Meet TRACE: A New AI Approach for Accurate 3D Human Pose and Shape Estimation with Global Coordinate Tracking
Many areas can benefit from and use the recent advances in estimating 3D human pose and shape (HPS). However, most approaches only consider a single frame at a time, estimating human positions relative to the camera. Furthermore, these techniques do not follow individuals and cannot retrieve their worldwide travel paths. The problem is compounded in most hand-held videos since they are shot with a jittery, shaky camera.
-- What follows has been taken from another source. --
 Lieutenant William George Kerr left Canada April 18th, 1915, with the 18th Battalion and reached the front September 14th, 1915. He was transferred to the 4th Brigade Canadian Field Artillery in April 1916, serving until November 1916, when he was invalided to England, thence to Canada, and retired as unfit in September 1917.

To solve these problems, researchers from the Harbin Institute of Technology, Explore Academy of JD.com, Max Planck Institute for Intelligent Systems, and HiDream.ai implement novel end-to-end reasoning about persons in situations using a 5D representation (space, time, and identity). The proposed TRACE technique has various innovative architectural features. Most notably, it employs two novels, “Maps,” to reason about people’s 3D motion in time and space, both from the camera’s perspective and the world’s perspective. With the help of a second memory module, it is possible to keep tabs on individuals even after lengthy absences. TRACE recovers 3D human models in global coordinates from moving cameras in a single step and simultaneously tracks their movements.
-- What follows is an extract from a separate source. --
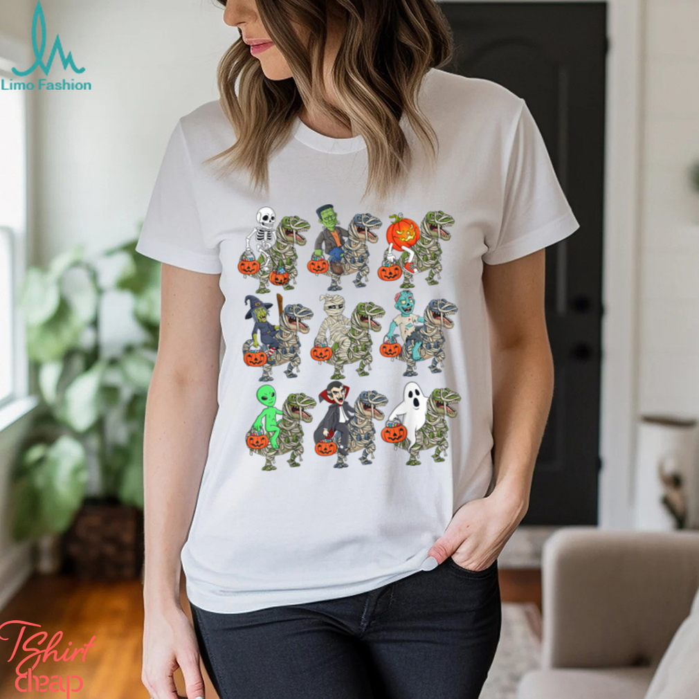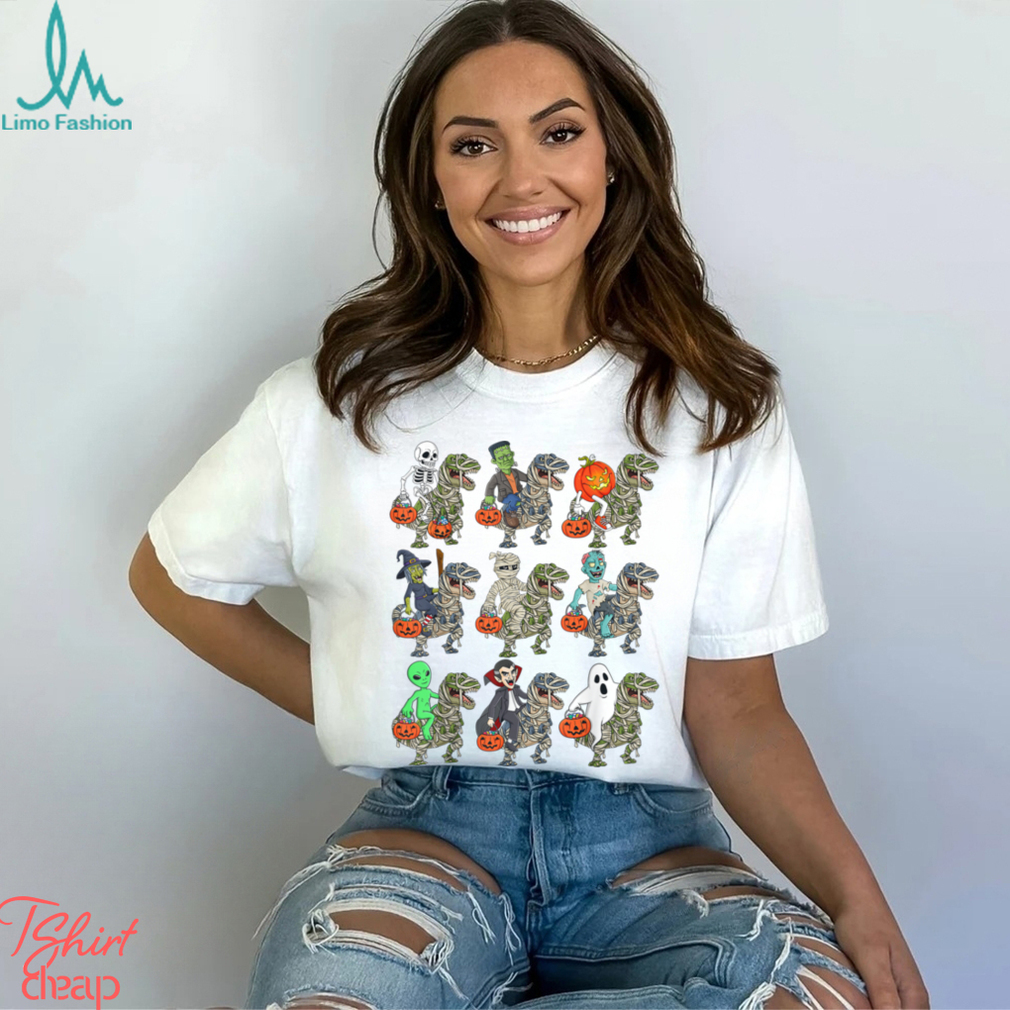 ()Halloween Skeleton Zombie Riding Mummy T Rex Vampire Boys T Shirt hoodie, tank top, sweater and long sleeve t-shirt
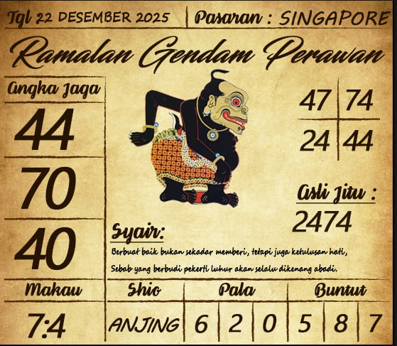 Syair Togel Singapore hari ini disusun berdasarkan pengamatan terhadap pola pergerakan angka yang senantiasa berubah dari hari ke hari. Banyak pemain memanfaatkan syair sebagai pedoman untuk membaca arah permainan, mencari tanda-tanda angka yang dianggap sedang “naik”, serta memahami kecenderungan rotasi yang sering muncul dalam periode tertentu. Dengan mengikuti perkembangan pasaran secara konsisten, gambaran umum mengenai pola Singapore akan terlihat semakin jelas.

They had the objective of reconstructing each person’s global coordinates, 3D position, shape, identity, and motion simultaneously. To do this, TRACE first extracts temporal information before using a dedicated brain network to decode each sub-task. First, TRACE uses two parallel axes to encode the video and motion into separate feature maps, one for the temporal picture (F’i) and one for the motion (Oi). Using these features, the Detection and Tracking sub-trees execute multi-subject tracking to reconstruct the 3D human motion in camera coordinates.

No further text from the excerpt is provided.